Elder Barba continued, “With the celebration of the 200th year of the restoration of the church, we feel now is the right time to embrace our pioneer heritage ancestry, most of whom sported wonderfully manicured beards and mustaches.”

Brigham Young, the Church’s second prophet has become somewhat of a cultural icon due to his large beard.

Bart Kinn, of Alpine Utah was asked by church leadership to shave his face just six months ago when he received the call to be the new bishop of his ward.

“I can finally look like some of the other hipsters that I work with at my tech job in Lehi. All these young guys are getting into these grooming creams and stuff, it sounds kinda fun! I’ll fit in a little better and feel like I’m part of their group, and be able to sit on the stand guilt-free on Sundays,” Bart said laughingly. 

Elder David A Beardnar
Elder David A Bednar during the filming a new video explaining new church grooming guidelines.

However, not all were on board with the new grooming updates.

“I support changes within the church, but I have always been clean-shaven and believe that the younger generation should be as well,” said a BYU professor who asked to remain anonymous due to his current role within the university. “It’s a shame that we are going to now look like everyone else. Beard cards have been a staple of this university for years, and as someone that enforced the clean-shaven honor code, I will miss it. I feel like this is something that made us stand out in a good way.”

Previously, employees and students of church-operated schools were required to be clean-shaven, carry an authorized “beard card”, or take one on the chin in the honor code office and potentially face disciplinary action. Others are seeing this as a prophecy being fulfilled from a devotional given 50 years ago by then Elder Dallin H. Oaks, president of Brigham Young University. 

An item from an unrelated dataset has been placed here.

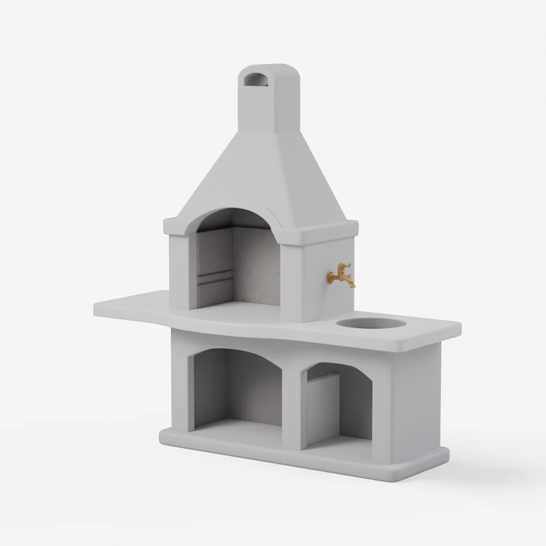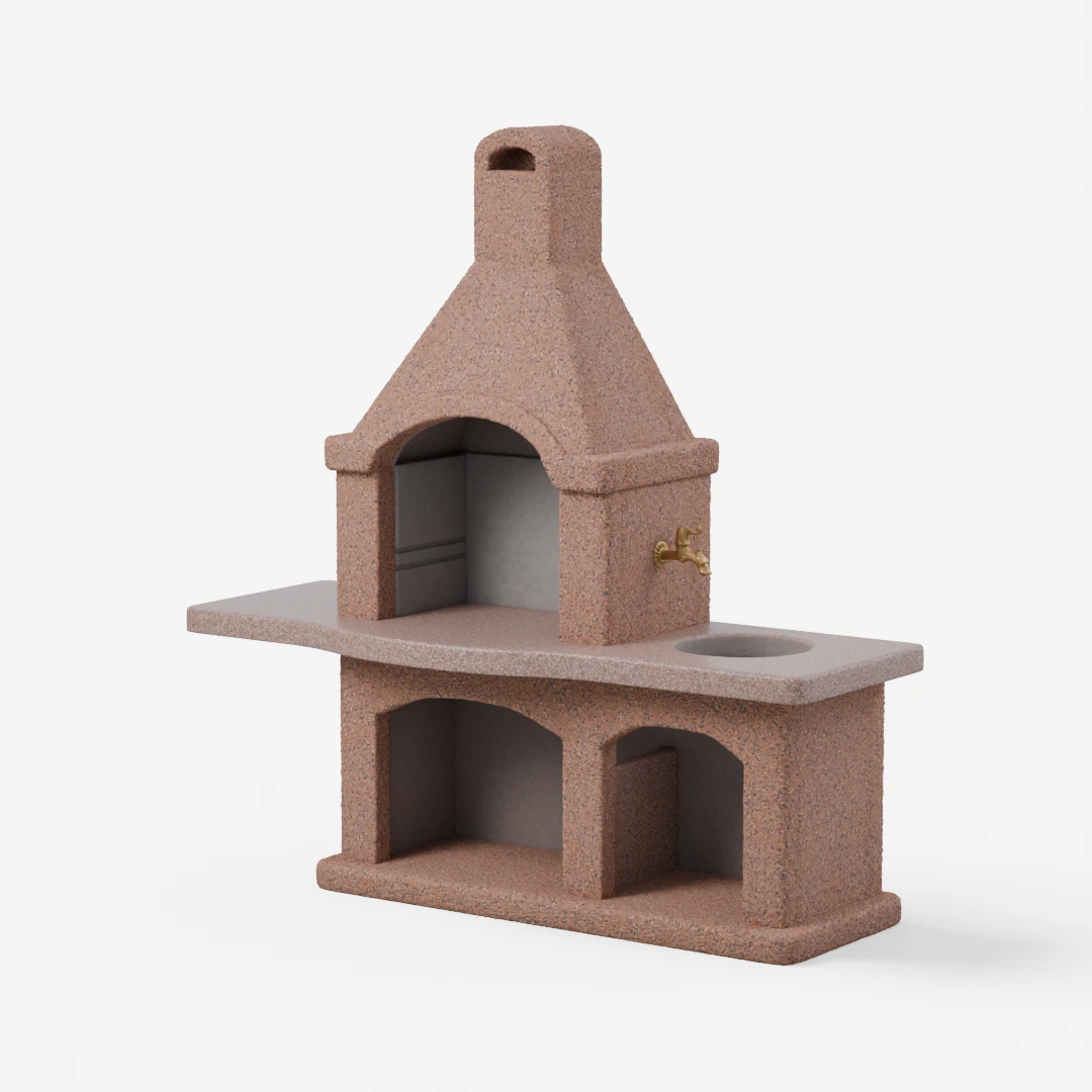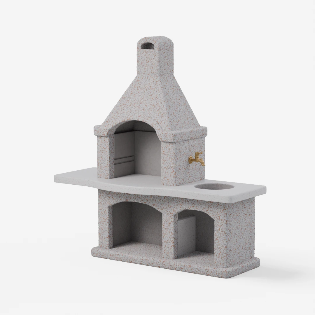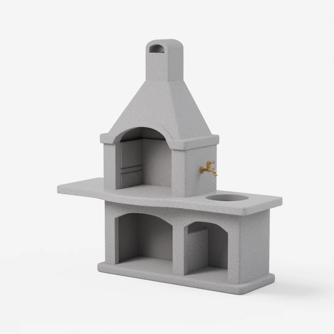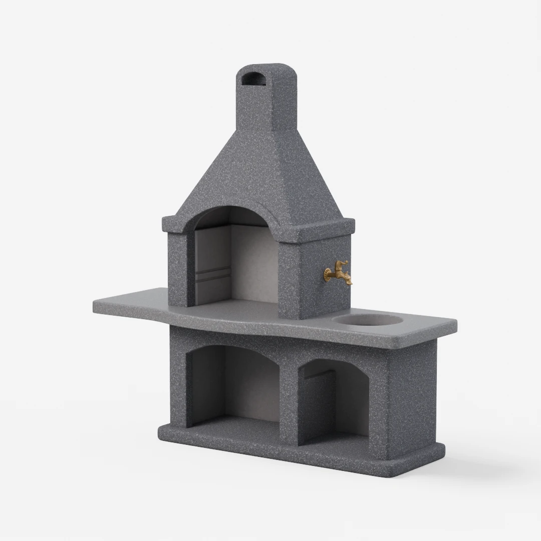 Kanin je sodoben vrtni kamin z brušeno delovno ploščo. Mere kurišča: širina 55 cm. Globina: 74 cm. Pipa in korito nista vključena.
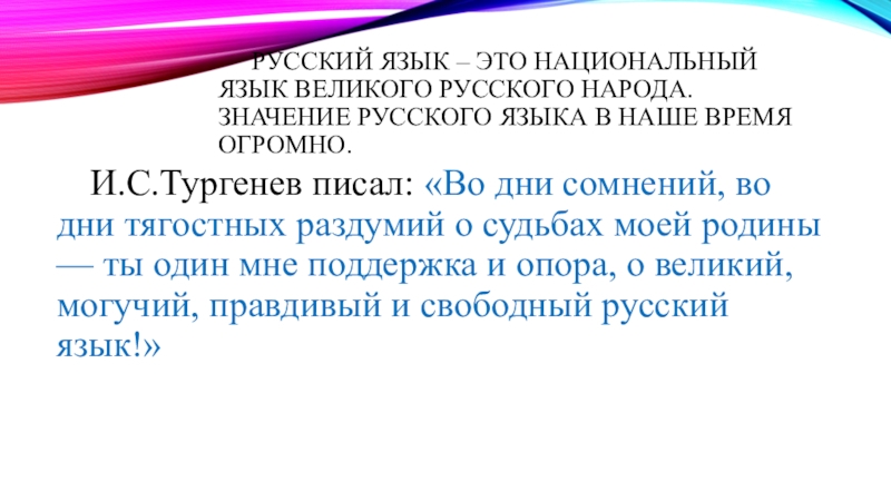 И.С.Тургенев писал: «Во дни сомнений, во дни тягостных раздумий о судьбах моей родины — ты один мне поддержка и опора, о великий, могучий, правдивый и свободный русский язык!»

The actual beard card given to Brigham Young. The beard card sold at an auction in 2014 for $17,500.

“Our rules against beards and long hair are contemporary and pragmatic. They are responsive to conditions and attitudes in our own society at this particular point in time.” Elder Oaks then declared, “The rules are subject to change, and I would be surprised if they were not changed at some time in the future.”

It appears that time is now. Let’s face it. This change has been a long time coming.

Elder Dieter F. Uchtdorf is sticking with a hipster look.
Elder Jeffrey R Holland sporting his new grand goatee.